▶ _DATA BELOW_
....
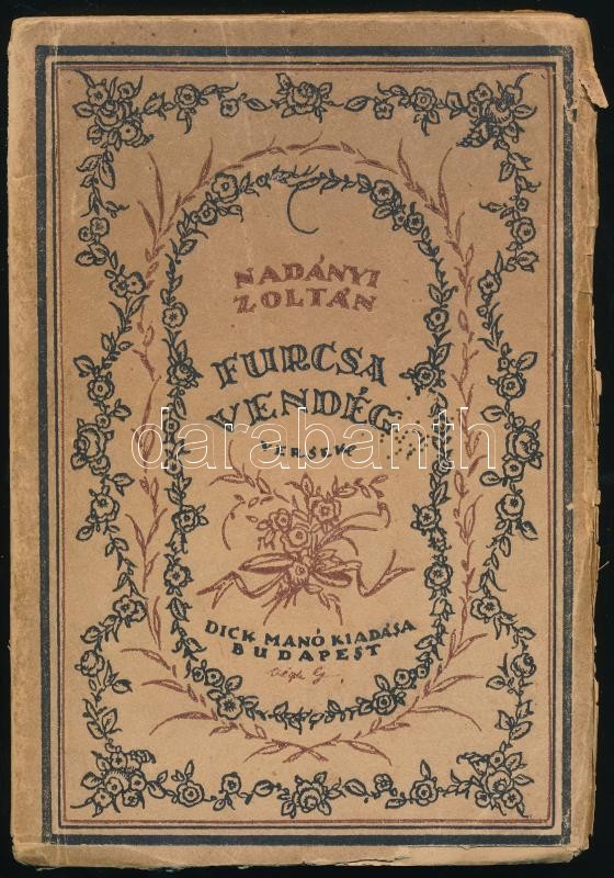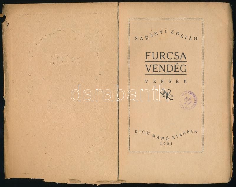 Leírás: Nadányi Zoltán: Furcsa vendég. Versek. Bp.,1921, Dick Manó, (Jókai Nyomda Rt.-ny.) Kiadói illusztrált papírkötés, megviselt állapotban, szakadt, foltos borítóval, intézményi bélyegzővel. A borító Végh Gusztáv munkája.
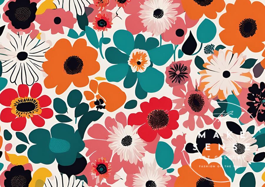 優しく咲く花々が、空間に明るさと心地よいリズムをもたらす一枚です。
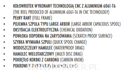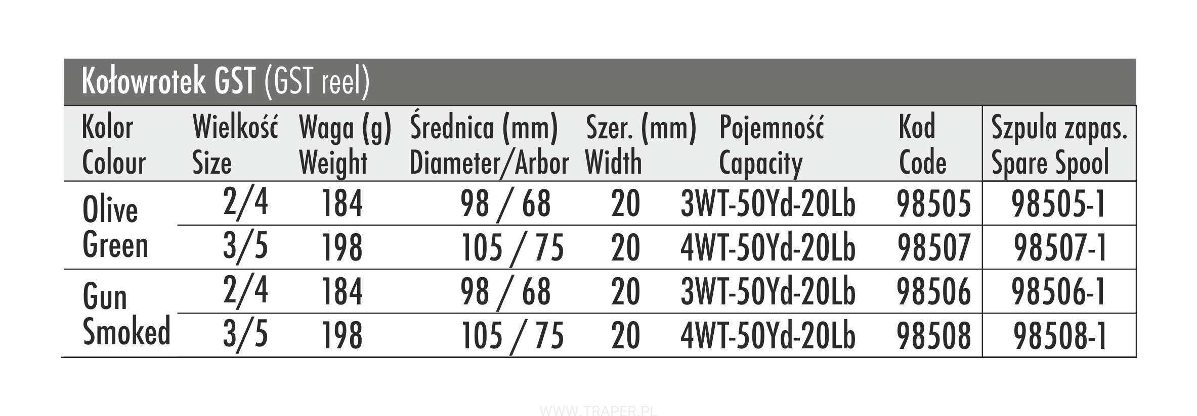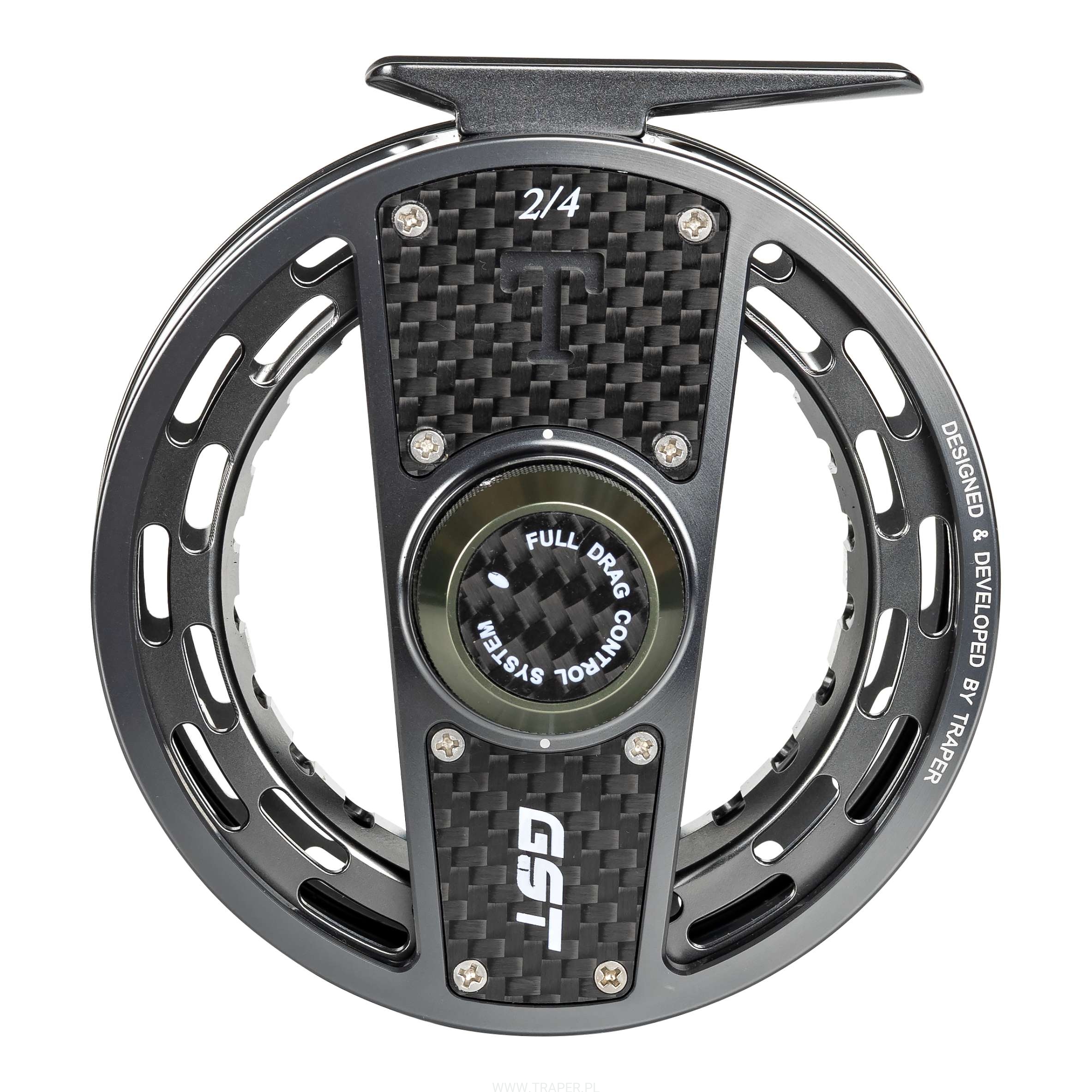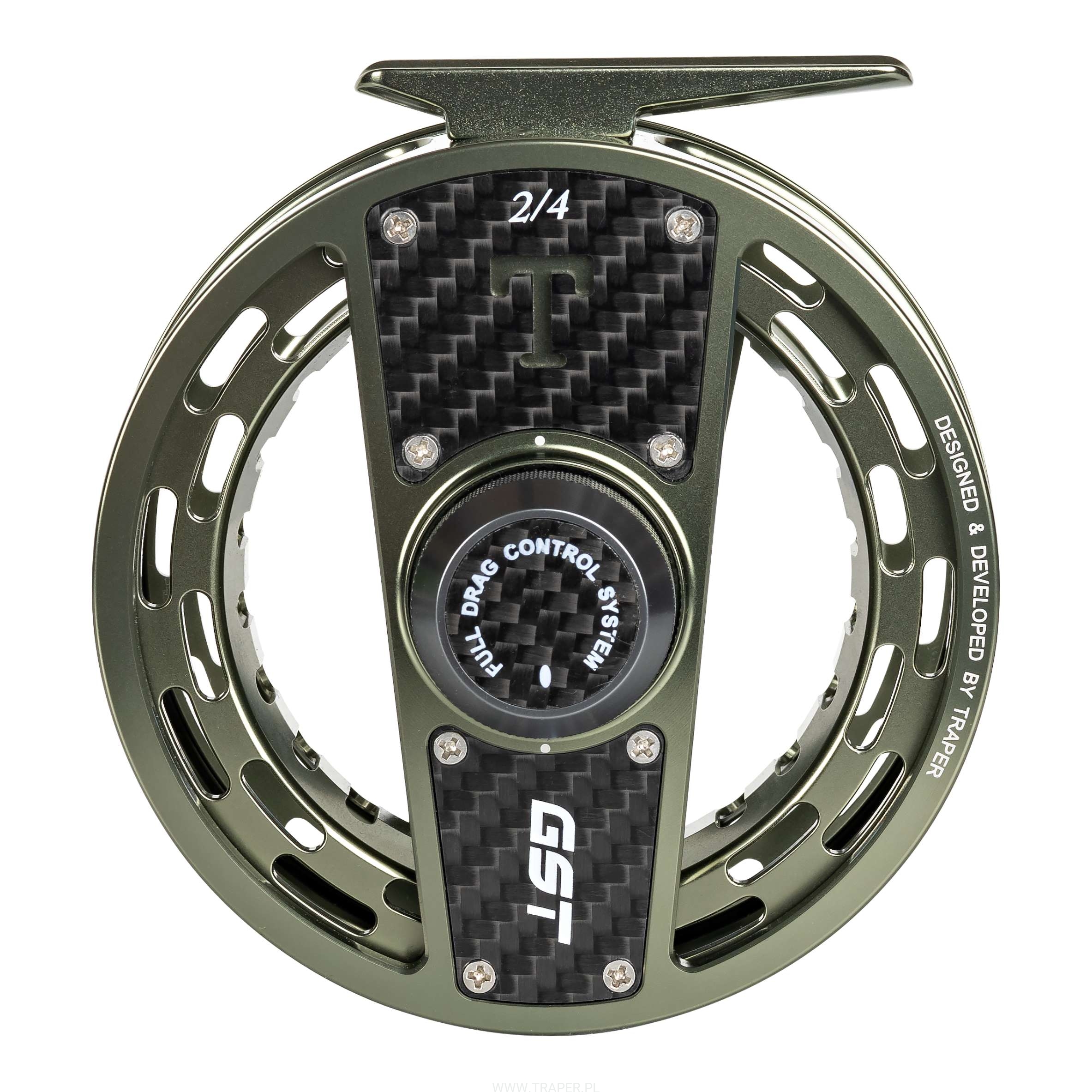 Specialist reel for competition anglers. The large capacity of the body and spool enables quick line retrieve, what is vital during contest rivalry. The construction bases on the full frame, what gives additional strength and prevents from entering the line under the spool. The reel is made in the CNC technology of the highest class air aluminum 6061-T6. The asymmetric reel foot is an innovative solution. Such a construction enables moving the reel maximally back. This moves the gravity centre back, speeds up the reaction for the bite and makes the rod manoeuvring easy. The modern reel construction combines the aluminum with carbon. The drag is the heart of this reel. In the robust housing the multidisc, smooth Thanks to its precision we will not loose any fish even when using the thinnest leader. The GST 2/4 reel is dedicated for the 10'6 and 11 foot rods while 3/5 for 11 footers and longer
....
▶ _YOUR TASK_
Omit the pictures, then repeat exactly each line from the beginning of the listing through the line with "優しく咲く花々が、空間に明るさと心地よいリズムをもたらす一枚です。".

▶ _FINAL ANSWER_
 Leírás: Nadányi Zoltán: Furcsa vendég. Versek. Bp.,1921, Dick Manó, (Jókai Nyomda Rt.-ny.) Kiadói illusztrált papírkötés, megviselt állapotban, szakadt, foltos borítóval, intézményi bélyegzővel. A borító Végh Gusztáv munkája.
 優しく咲く花々が、空間に明るさと心地よいリズムをもたらす一枚です。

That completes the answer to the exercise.